Лев Толстой
Шрифт:
Далее говорится про грядущее ничтожество и томящую грусть, но за этими трафаретными поэтическими формулами все-таки без труда распознается одно из обычных для Толстого состояний острого недовольства собой и готовности все бросить, все решительно переменить, какие бы потери ни повлек за собой подобный шаг. Видимо, и на бастионе это состояние не прошло или прошло не до конца. Мемуаристы запомнили какие-то странные поступки, которые едва ли объяснимы только «прелестью опасности», — они скорее наводят на мысль об инстинктивном подражании лермонтовскому Вуличу, фаталисту из «Героя нашего времени». Когда уже зажжен фитиль и сию секунду вылетит граната,
«Без цели и страсти…» А ведь цель как будто найдена — разве не кончается первый севастопольский рассказ восхищением героями, которые в тяжкие времена «не упали, а возвышались духом» и готовы были к смерти «не за город, а за родину», разве он сам не из их числа? И страсть для этого подвига нужна неподдельная, пусть она обходится без театральных жестов.
Но сознания такой цели и ощущения такой страсти Толстому недостаточно. Он должен оправдать именно свое бытие в мире, а если этого оправдания не находится, приходит безразличие к собственной судьбе. Карточная игра, которая затягивает долговую петлю, игра со смертью на бастионе — кажется, для него то и другое стоит в одном ряду. Начатый севастопольский рассказ отложен ради проекта реформирования армии, который Толстой лихорадочно составляет — и, не окончив, тоже забрасывает — в первые свои дни на бастионе: положение ужасное, повсюду зло, влекущее за собой угрозу существованию отечества, офицерство развращено, солдат угнетают, воспламеняя в них ненависть к начальникам, генералитет — это преимущественно «люди без ума, образования и энергии». Полтора месяца спустя, едва закончив «Севастополь в декабре месяце», Толстой принимается за докладную записку, но прерывает ее на полуслове, и она не получает хода, а в ней положение и дух войска характеризуются как почти катастрофические. Хотя только что, на последней странице он повторил поразивший его рассказ о том, как Корнилов, объезжая укрепления, призывал умереть, не поступившись честью, и ему отвечали: «Умрем! ура!»
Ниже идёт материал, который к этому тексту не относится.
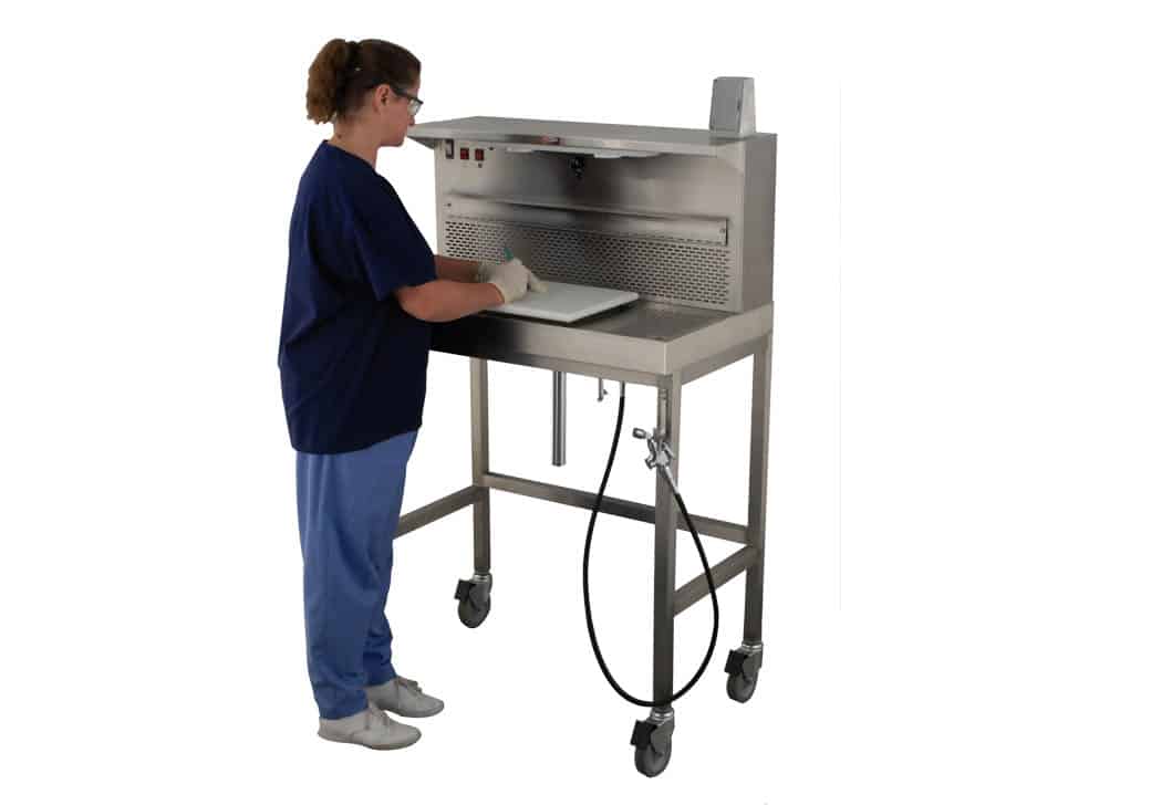 The Portable trimming station allows for conveniently moving the table while efficiently trimming during necropsy.
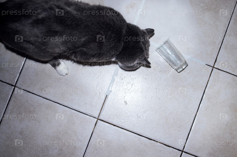 Серая кошка любопытно рассматривает разлитое стекло на плиточном полу, демонстрируя игривое поведение и последствия случайного беспорядка в уютной домашней среде
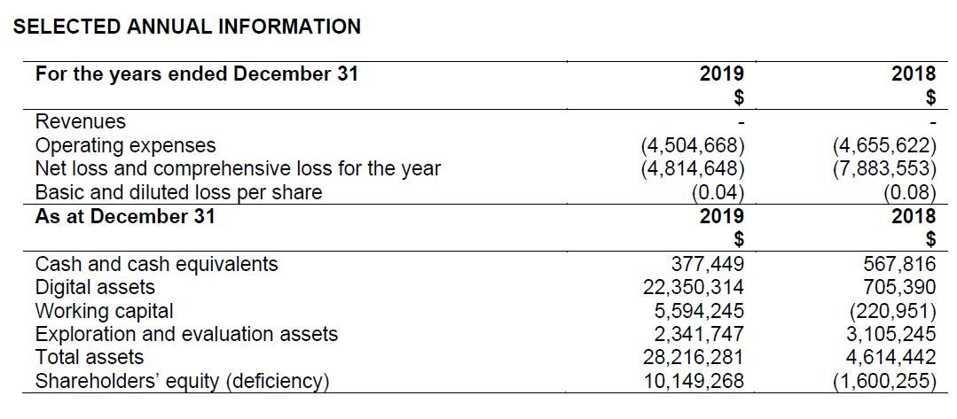 For the year ended December 31, 2019, the Company recorded a net loss of $4,814,648 (2018 - $7,883,553) and had a cumulative deficit of $20,731,313 (2018 – $21,925,471) and non-controlling interest of $9,244,559 (2018 - $nil). The Company had no source of operating revenues or any related operating expenditures.
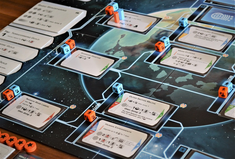 После пары партий не сказал бы, что технологии кардинально отличаются между собой, всё же сам принцип подразумевает либо высвобождение дисков с личного планшета, либо развитие на поле технологий и исследования. Посему зачастую продвинутые карты — это просто вариации базовых действий, но с разными опциями и бонусами.
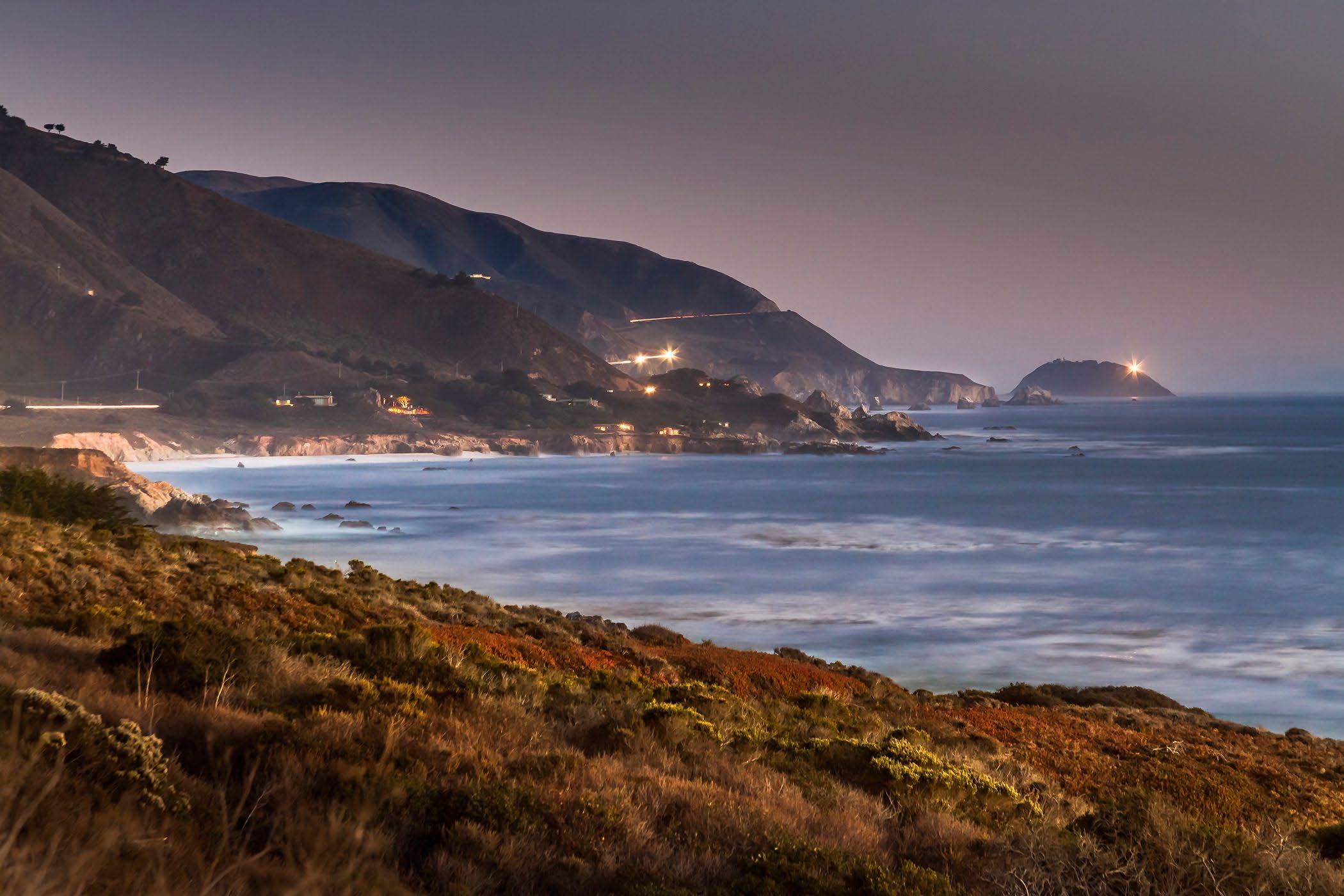 Late afternoon view of Rocky Point and Highway 1.

Все это выглядит непоследовательностью — патриотический порыв и тут же фатализм человека, словно бы нарочно ищущего смертельной угрозы. Твердая вера в русский героизм и крепнущее опасение, как бы среди солдат не возобладал уже достаточно распространенный тип «отчаявшихся». Таких, кто, по словам Толстого в его недовершенном проекте военной реформы, «украдет у товарища, ограбит церковь, убежит с поля, перебежит к врагу, убьет начальника и никогда не раскается»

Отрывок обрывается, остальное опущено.